This allows us to specify the gray level as 12 sub-scans, 8 sub-scans are common to two lines, and 4 sub-scans are specific. In this case, four sub-scans with gain of recording error of 1 or less (for differences between lines of 75 or less) are gained.

It should be noted that while the acceptable results are achieved with good quality levels by using only 8 sub-scans, 10 sub-scans can be developed in various ways at the same time:

-Increase the number of lines addressed,

Inserting an unaddressed sustain cycle to increase the brightness of the screen,

Inserting cycles to improve priming of the cells,

- Etc.

Two examples are four bits of a word for coding a specific value code between 0 and 70 (or 75) and 12 (or 8) bits of a word for coding a common value code between 0 and 185 (or 180). Is shown. The selection of the weights of these coded words is made in such a way that large weights are avoided to limit the counterfeit contour problem. In practice, the selection is made in a statistical manner in the manner of best distributing the information during 20 ms scanning.

Pass the smallest gray level value portion of the gray levels to be coded to a specific value portion (i.e., select α not zero) or, in other words, pass the value portion common to the two gray levels to be coded to a specific value portion. Doing so has several advantages:

Distributing the common value to be coded into the common part (VC) and the specific part (VS) extends the coding span of the common value to be coded, which is no longer limited to the maximum value of the VC. Do not. For example, the maximum specific value VS _m is 70, so consequently when the maximum value of VC VC _m is 255-70 = 185, the maximum common value VC _m + α (VC _m + VS _m ) = 185 It is theoretically possible to code + 3 / 16.255 = 233. Of course, this distribution is effective when the difference between the two gray levels to be coded is less than VS _m . In the opposite case, the value is chosen in such a way as to minimize the final error, as indicated earlier.
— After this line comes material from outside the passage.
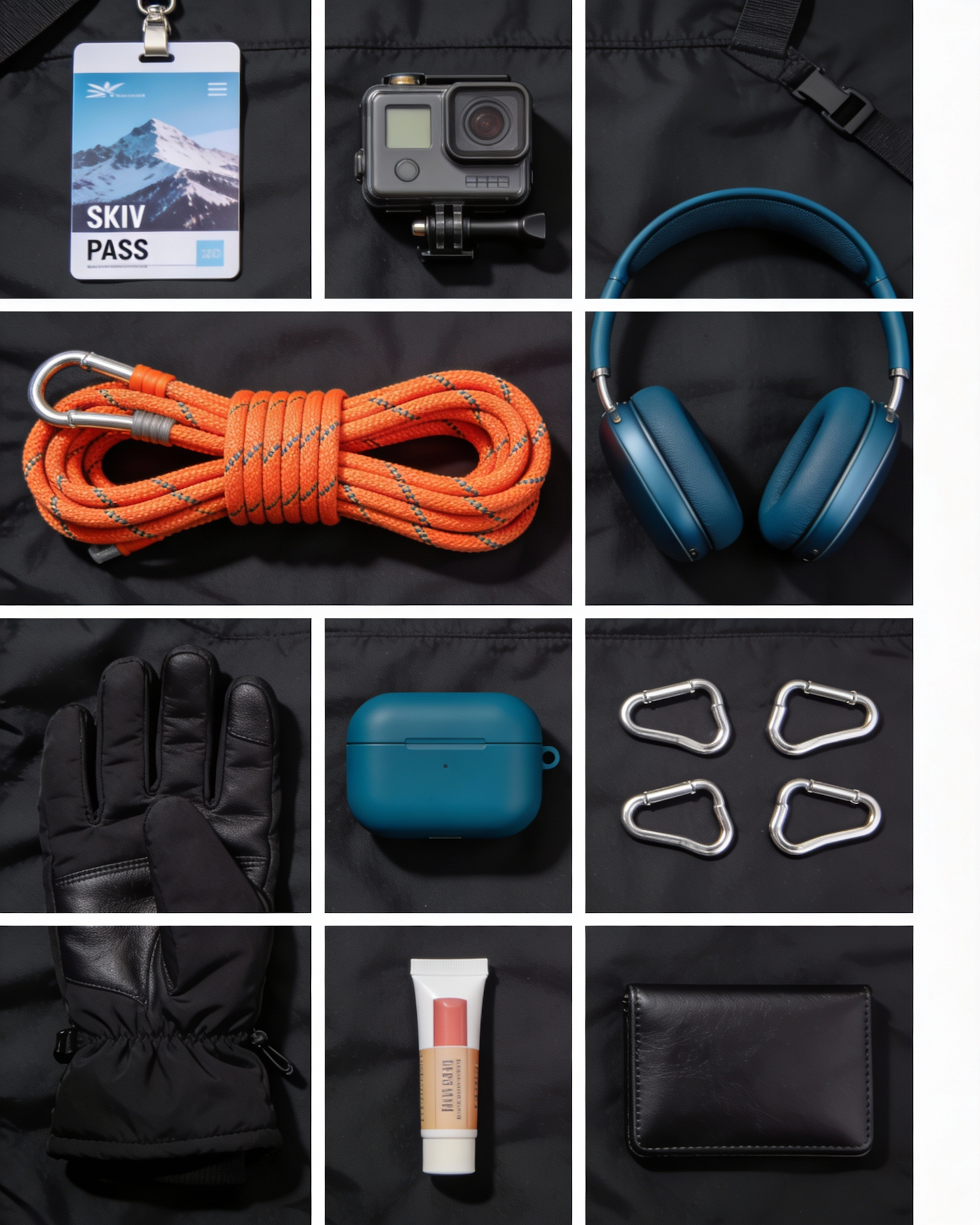 Top-down ultra-clean flat lay on a dark technical fabric background: ski pass card, compact action camera, orange climbing rope coiled neatly, cobalt-blue headphone case, black gloves, small carabiners, lip balm, minimalist wallet, arranged in a modern grid composition, sharp studio-like clarity while still outdoors, ultra-HD 4K fashion editorial photography, razor-sharp focus, extreme detail, modern luxury styling, clean composition, high dynamic range, crisp textures, premium magazine quality, contemporary fashion aesthetic, no grain, no blur, no vintage.

The distribution makes it possible to limit the use of large weights in the VC and consequently reduce the counterfeit contour effect.

In this example, the selection of a maximum specific value, that is, 70 or 75, is determined in consideration of the correlation between image lines. Statistically, for television-type images, less than 5% of the cases are larger than 70, so we choose it. Of course, this selection can be adapted to the type of image to be displayed, and the higher the correlation between two consecutive lines, the more statistically speaking it is possible to reduce the maximum value.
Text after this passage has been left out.